» **YOUR INSTRUCTIONS**
The output should be the listing below, limited to the lines from the one with "INDICATORE DEL TAGLIO" through the one with "Przebudowana droga Goszyn-Małzewo.", exact and without pictures.

*** AVAILABLE DATA ***

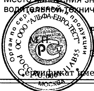
Схема сертификации № 3 Место нанесения знака соответствия по ГОСТ Р 50460-92 – на изделии, упаковке и в сопроводительной технической документации
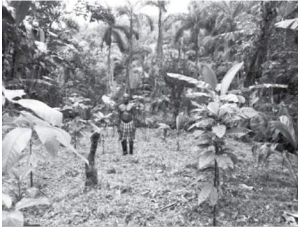
Fotografía 5. Cacao asociado con chontaduro, plátano y árboles. Vereda Cauchal (Dagua).

Al considerar los referentes de rendimiento en las localidades de Buenaventura y Dagua las informaciones son imprecisas pero lo sitúan en el rango de 50 a 150 kg/ha, los cuales estarían muy distantes de la clasificación que referencia la Federación de Cacaoteros. Esta institución agrupa, al menos, en dos categorías a los agricultores: tradicionales y tecnificados; en los primeros considera los cacaotales con rendimientos de 400 a 500 kg/ha/año y densidades de siembra de 600 a 700 árboles/ha; mientras que en los agroforestales tecnificados, 1.500 kg/ha y más de 1.000 árboles/ha (Rojas, 2010). Desde esta perspectiva la actividad cacaotera de esta región del Pacífico tendría que someterse, según Fedecacao, a intervenciones técnicas que la saquen de este umbral de atraso técnico. Sin embargo, sería pertinente adelantar seguimientos frecuentes que generen informaciones más precisas sobre los rendimientos y que examinen las condiciones culturales de la actividad cacaotera y los referentes pertinentes para los rendimientos de cacao en condiciones de pluviselva y de pluriactividad de las familias.
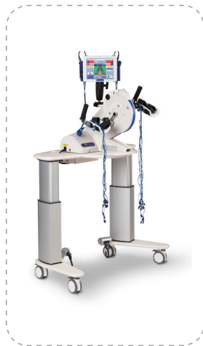
RT300 arm system — ФЭС верхних конечностей.
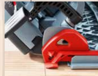
INDICATORE DEL TAGLIO

Le forti luci al LED permettono di illuminare bene la zona di lavoro.
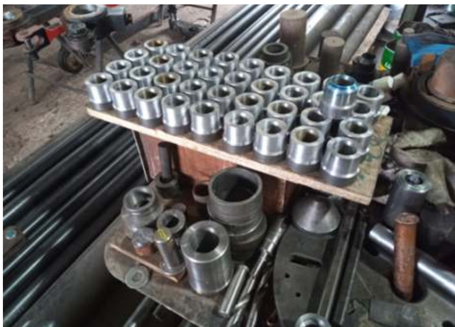
◆ Bocal das serpentinas em usinagem
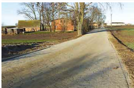
Przebudowana droga Goszyn-Małzewo.

stracyjnych gminy (Turze – Małzewo – Swaróżyn i Swaróżyn - Godziszewo). Na zadanie pn. Przebudowa dróg powiatowych nr 2714G i 2713G (Swaróżyn - Godziszewo) – etap I, zaplanowano ponad 2 mln. złotych dofinansowania z budżetu gminy. 23 października została wydana decyzja o środowiskowych uwarunkowaniach zgody na realizację przedsięwzięcia pn. Budowa sieci kanalizacji sanitarnej w Tczewskich Łąkach, realizowanej przez gminę Tczew w ramach „Kompleksowego programu gospodarki ściekowej Gminy Tczew. Zakres budowy sieci pozwoli na odebranie ścieków od mieszkańców wsi Tczewskie Łąki. Sieć zostanie zlokalizowana w drogach gminnych i wzdłuż dróg gminnych. Przewiduje się również budowę następujących sieci:

***

» **RESPONSE**
INDICATORE DEL TAGLIO

Le forti luci al LED permettono di illuminare bene la zona di lavoro.
◆ Bocal das serpentinas em usinagem
Przebudowana droga Goszyn-Małzewo.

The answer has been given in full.